Photovoltaïque en surimposition tertiaire : gain énergétique, coût et ROI

photovoltaïque tertiaire — Grandes toitures tertiaires ou industrielles en autoconsommation.. Une centrale PV de 36 à 500 kWc sur toiture plate ou bac acier alimente en direct la consommation d'un bâtiment tertiaire, agricole ou industriel. Rentabilité renforcée par la hausse des tarifs électriques.

Côté chiffres, photovoltaïque tertiaire affiche 30-70 % électricité de gain énergétique, un coût moyen de 800-1 300 €/kWc et un ROI de 7-11 ans (prime autoconsommation + AO CRE d'aides mobilisables).

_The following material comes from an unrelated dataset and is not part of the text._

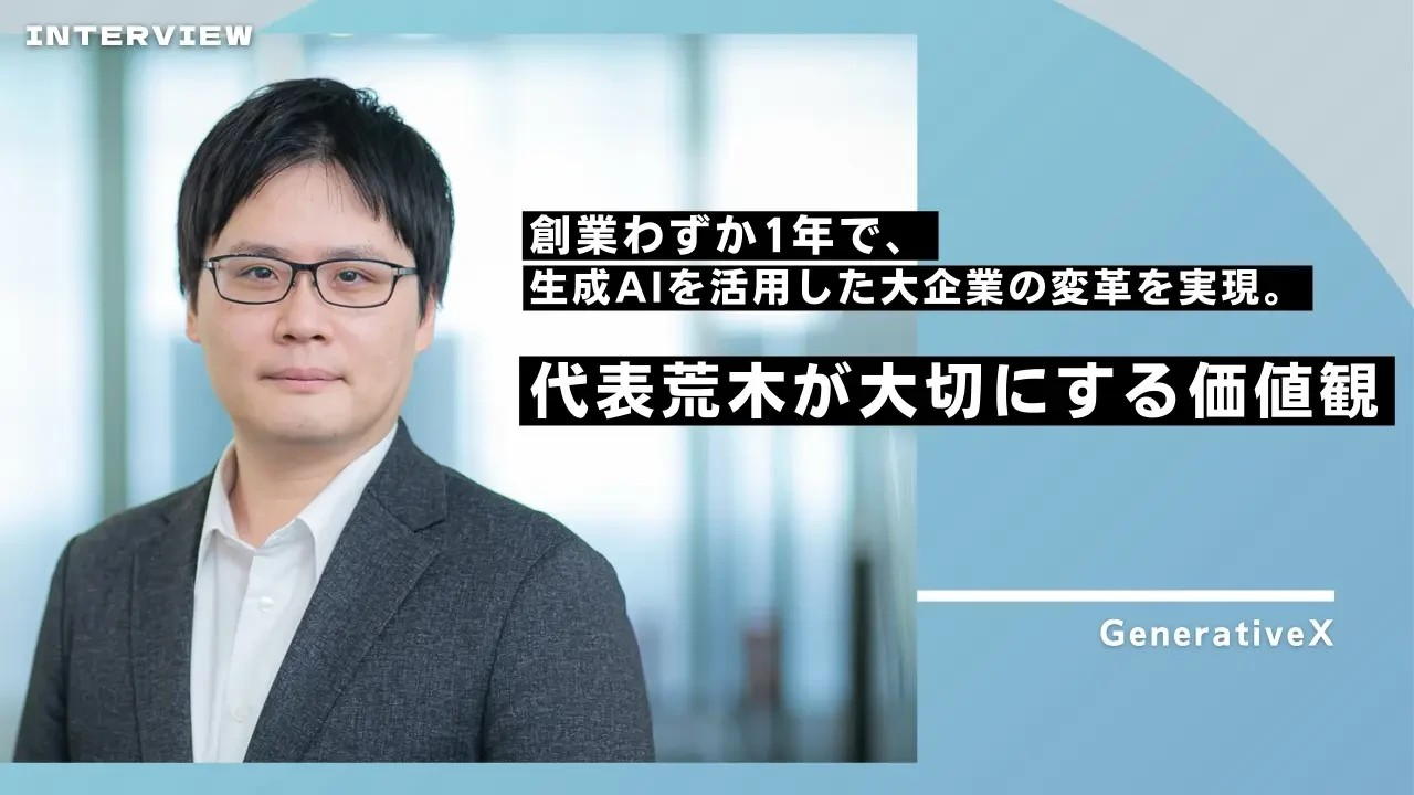 国内の大手企業を中心に、生成AIに関するコンサルティングからシステム開発までを一気通貫で提供するGenerativeX(ジェネレーティブエックス)。2024年4月には、シードラウンドで1.2億円の資金調達を完了。2024年の夏にはアメリカ支社を設立し、海外での事業展開を本格化するとしています。今回は、代表の荒木に、創業の経緯、大事にしている価値観や考え方、求める人物像について話を伺いました。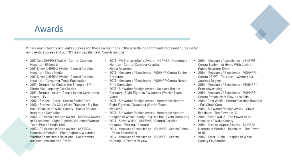 mpiTOO has been recognized with over a hundred awards from MASHAMD (Mid-Atlantic Society for Healthcare and Medical Development), The Asters (healthcare awards), NCPRSA (Public Relations Society of America), CHPRMS (Carolinas Healthcare Public Relations & Marketing Society), Virginia PRSA, Ad Club of the Triangle, and The Raleigh Public Relations Society.

Bénéfices clés : 30 à 70 % d'électricité en autoconsommation, Coût actualisé < 0,08 €/kWh (LCOE), Contribution majeure au décret tertiaire.

Pour être éligible aux aides (MaPrimeRénov', CEE, Éco-PTZ), la pose de photovoltaïque en surimposition tertiaire doit respecter Installateur RGE QualiPV Élec 36-250 ou > 250 kWc ; Attestation de solidité charpente (bureau structure) ; Panneaux avec bilan carbone < 550 kg CO₂eq/kWc pour la prime. cee.fr détaille les critères techniques, les fiches CEE de référence et les erreurs de mise en œuvre à éviter.

FAQ

Questions fréquentes sur photovoltaïque tertiaire

14 réponses aux questions les plus posées sur photovoltaïque en surimposition tertiaire, son coût, ses aides et sa mise en œuvre.

Autoconsommation ou vente totale ?

Autoconsommation avec vente du surplus quasi systématiquement : le coût évité (0,15-0,25 €/kWh sur le tarif entreprise) est supérieur au tarif de vente. La vente totale n'est pertinente que pour des toitures sans consommation associée (hangars agricoles vacants).

Quel impact sur la valeur du bâtiment ?

Positif : une centrale PV amortie procure un revenu net et améliore le DPE (baisse des consommations tous usages). Certains bailleurs valorisent la centrale à la revente ou négocient un contrat de refacturation d'électricité verte aux locataires.

Le raccordement Enedis peut-il bloquer le projet ?

Oui au-delà de 100 kWc dans des zones électriques saturées. La demande de raccordement doit être déposée avant le lancement des travaux ; le devis Enedis peut atteindre 15-30 % du coût du projet dans les cas défavorables.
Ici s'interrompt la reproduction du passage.